╭─ TASK INPUTS

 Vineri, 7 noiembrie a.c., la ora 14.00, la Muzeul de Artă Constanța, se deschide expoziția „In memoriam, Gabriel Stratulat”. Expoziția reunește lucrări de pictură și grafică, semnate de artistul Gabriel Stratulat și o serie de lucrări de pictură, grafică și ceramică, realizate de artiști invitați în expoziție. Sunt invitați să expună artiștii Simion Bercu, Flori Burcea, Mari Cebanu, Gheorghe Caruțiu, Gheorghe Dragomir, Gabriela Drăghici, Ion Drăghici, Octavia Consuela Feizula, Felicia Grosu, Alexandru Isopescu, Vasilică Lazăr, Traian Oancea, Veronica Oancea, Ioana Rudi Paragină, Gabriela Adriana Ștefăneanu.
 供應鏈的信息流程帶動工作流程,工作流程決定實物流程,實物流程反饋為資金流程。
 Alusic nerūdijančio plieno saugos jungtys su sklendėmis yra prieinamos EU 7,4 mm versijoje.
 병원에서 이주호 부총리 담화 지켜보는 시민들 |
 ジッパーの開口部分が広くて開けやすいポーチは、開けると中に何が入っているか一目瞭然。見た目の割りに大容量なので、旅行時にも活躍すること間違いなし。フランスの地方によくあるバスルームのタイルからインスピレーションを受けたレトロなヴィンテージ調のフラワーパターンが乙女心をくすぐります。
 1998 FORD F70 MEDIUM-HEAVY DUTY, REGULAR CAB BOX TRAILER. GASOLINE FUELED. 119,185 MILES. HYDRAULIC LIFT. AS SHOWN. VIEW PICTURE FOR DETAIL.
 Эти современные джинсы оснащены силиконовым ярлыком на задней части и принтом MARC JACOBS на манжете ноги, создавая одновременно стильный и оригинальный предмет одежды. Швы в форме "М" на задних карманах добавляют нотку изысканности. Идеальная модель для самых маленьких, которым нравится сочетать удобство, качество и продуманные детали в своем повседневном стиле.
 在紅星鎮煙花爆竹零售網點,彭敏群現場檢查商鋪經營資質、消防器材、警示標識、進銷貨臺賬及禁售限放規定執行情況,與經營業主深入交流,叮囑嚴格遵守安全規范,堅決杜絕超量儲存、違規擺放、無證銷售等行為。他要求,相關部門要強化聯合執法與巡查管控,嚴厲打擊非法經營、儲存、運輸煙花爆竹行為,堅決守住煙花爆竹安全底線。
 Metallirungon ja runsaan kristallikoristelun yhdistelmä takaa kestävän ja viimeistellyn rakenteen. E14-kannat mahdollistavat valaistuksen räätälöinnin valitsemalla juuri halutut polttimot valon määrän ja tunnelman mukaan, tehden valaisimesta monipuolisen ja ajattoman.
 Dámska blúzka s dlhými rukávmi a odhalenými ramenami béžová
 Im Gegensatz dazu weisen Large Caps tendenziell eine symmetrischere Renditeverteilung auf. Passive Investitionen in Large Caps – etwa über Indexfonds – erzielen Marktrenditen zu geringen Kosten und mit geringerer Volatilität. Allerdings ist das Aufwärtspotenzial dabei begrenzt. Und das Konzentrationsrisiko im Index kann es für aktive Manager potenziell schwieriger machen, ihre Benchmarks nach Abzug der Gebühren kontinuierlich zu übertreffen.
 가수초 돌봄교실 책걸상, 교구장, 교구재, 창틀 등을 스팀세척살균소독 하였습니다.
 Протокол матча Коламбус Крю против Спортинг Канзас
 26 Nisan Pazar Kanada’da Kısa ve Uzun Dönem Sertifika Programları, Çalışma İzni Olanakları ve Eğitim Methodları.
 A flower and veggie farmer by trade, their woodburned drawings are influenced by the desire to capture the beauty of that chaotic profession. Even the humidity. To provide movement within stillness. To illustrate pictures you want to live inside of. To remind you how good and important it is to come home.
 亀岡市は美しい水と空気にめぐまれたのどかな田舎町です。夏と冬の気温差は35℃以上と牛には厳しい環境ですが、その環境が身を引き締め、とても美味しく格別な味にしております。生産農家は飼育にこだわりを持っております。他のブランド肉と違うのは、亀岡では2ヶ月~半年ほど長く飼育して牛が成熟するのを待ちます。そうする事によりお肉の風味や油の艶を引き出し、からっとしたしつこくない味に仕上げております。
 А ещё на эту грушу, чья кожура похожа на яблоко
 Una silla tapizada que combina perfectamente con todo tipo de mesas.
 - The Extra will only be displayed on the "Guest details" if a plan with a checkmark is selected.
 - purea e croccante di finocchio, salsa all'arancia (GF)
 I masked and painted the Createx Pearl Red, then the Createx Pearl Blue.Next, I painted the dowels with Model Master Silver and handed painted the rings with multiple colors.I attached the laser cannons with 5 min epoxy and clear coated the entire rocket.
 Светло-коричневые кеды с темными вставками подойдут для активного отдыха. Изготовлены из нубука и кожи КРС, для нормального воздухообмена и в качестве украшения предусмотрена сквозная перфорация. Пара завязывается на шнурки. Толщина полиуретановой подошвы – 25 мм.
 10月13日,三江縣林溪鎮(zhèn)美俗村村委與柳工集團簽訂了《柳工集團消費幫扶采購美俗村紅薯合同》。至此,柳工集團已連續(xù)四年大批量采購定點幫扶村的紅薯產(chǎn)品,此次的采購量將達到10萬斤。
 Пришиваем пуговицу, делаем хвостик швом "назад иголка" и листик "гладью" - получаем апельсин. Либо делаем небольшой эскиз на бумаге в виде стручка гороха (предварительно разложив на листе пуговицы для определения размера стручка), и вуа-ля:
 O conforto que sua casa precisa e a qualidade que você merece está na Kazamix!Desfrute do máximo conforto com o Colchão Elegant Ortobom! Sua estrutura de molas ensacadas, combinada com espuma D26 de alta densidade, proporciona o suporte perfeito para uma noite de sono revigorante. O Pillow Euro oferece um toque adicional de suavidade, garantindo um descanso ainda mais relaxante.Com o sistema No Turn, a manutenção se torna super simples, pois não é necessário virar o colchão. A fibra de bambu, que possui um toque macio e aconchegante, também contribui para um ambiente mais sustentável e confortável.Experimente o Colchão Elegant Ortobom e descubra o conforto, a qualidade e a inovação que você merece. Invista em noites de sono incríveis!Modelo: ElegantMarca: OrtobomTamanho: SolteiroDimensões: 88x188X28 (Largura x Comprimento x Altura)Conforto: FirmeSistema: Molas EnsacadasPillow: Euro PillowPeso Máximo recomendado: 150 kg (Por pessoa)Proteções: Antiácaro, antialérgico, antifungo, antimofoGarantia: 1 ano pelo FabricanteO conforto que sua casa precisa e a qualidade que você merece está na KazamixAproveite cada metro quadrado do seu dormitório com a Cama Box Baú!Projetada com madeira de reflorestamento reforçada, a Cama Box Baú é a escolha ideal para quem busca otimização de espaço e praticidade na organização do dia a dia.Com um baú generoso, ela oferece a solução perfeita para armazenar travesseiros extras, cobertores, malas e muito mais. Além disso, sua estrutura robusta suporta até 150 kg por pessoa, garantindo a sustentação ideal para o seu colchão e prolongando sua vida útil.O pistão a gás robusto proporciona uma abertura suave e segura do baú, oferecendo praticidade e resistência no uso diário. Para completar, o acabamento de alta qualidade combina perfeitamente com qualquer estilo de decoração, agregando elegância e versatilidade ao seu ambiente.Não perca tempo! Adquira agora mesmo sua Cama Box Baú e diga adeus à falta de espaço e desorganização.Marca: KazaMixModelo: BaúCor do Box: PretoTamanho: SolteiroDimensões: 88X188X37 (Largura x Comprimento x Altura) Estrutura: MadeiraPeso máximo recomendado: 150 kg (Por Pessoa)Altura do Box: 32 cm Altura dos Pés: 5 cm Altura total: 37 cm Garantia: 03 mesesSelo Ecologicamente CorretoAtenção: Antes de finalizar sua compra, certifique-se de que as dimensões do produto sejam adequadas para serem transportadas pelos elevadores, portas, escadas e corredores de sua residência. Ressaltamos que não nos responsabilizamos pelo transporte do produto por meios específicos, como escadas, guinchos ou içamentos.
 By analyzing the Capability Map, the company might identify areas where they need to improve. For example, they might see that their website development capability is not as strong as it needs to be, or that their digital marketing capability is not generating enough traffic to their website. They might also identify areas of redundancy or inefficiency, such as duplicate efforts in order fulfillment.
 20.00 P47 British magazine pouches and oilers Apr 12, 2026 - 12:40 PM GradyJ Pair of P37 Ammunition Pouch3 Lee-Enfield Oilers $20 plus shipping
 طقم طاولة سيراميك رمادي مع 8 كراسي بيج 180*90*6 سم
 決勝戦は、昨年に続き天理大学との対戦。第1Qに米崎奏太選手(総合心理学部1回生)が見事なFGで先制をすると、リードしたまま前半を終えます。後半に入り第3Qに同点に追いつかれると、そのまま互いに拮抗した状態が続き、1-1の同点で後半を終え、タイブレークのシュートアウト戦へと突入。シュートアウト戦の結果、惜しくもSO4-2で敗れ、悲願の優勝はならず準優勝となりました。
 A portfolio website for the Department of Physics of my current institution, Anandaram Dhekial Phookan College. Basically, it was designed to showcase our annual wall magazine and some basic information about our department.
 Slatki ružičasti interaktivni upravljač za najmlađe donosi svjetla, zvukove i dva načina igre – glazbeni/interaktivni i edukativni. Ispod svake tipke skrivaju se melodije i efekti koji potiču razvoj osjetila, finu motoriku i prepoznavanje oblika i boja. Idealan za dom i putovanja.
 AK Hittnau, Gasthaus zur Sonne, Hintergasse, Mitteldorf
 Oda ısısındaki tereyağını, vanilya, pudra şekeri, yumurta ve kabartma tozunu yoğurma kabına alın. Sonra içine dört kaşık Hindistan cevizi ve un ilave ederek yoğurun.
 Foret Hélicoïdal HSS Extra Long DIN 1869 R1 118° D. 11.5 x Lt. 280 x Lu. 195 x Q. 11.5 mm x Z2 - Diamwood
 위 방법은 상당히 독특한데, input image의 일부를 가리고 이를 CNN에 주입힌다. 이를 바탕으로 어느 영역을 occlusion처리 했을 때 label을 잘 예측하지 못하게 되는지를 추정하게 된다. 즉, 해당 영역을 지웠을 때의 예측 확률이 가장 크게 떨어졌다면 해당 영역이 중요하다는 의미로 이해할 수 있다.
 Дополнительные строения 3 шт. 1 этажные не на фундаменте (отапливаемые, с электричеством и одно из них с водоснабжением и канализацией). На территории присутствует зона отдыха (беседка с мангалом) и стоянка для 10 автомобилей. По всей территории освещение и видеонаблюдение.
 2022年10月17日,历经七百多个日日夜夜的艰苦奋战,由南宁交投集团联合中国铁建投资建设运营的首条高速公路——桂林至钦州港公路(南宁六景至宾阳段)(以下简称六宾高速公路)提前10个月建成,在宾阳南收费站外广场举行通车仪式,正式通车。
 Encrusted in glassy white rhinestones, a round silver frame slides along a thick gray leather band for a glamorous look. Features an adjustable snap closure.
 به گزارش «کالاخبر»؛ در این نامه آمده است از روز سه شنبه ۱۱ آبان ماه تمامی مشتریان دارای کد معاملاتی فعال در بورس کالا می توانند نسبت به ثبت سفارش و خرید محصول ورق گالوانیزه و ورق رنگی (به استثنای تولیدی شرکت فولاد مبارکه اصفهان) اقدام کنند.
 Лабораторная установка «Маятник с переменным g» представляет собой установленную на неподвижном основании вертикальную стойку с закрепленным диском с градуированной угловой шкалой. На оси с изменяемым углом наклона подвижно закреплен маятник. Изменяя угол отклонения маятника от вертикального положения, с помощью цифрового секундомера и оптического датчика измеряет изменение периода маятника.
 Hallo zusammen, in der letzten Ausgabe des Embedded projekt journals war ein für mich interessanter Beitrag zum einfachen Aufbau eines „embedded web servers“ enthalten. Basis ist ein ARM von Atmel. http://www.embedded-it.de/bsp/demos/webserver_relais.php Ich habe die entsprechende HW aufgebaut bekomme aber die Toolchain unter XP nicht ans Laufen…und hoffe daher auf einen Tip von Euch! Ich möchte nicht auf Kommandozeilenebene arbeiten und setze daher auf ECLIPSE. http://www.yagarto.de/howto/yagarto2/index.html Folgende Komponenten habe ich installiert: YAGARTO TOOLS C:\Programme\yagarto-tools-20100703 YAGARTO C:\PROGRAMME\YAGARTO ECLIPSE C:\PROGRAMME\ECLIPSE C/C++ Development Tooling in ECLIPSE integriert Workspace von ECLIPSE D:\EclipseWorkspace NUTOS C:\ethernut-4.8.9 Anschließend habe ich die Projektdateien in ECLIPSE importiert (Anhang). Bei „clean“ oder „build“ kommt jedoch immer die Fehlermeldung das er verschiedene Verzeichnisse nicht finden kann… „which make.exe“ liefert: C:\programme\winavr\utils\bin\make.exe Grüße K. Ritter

╰─

- _TASK INSTRUCTIONS_
The number of lines in the data that contain the word "website" is all that should be stated.

- _OUTPUT FOR THIS TASK_
2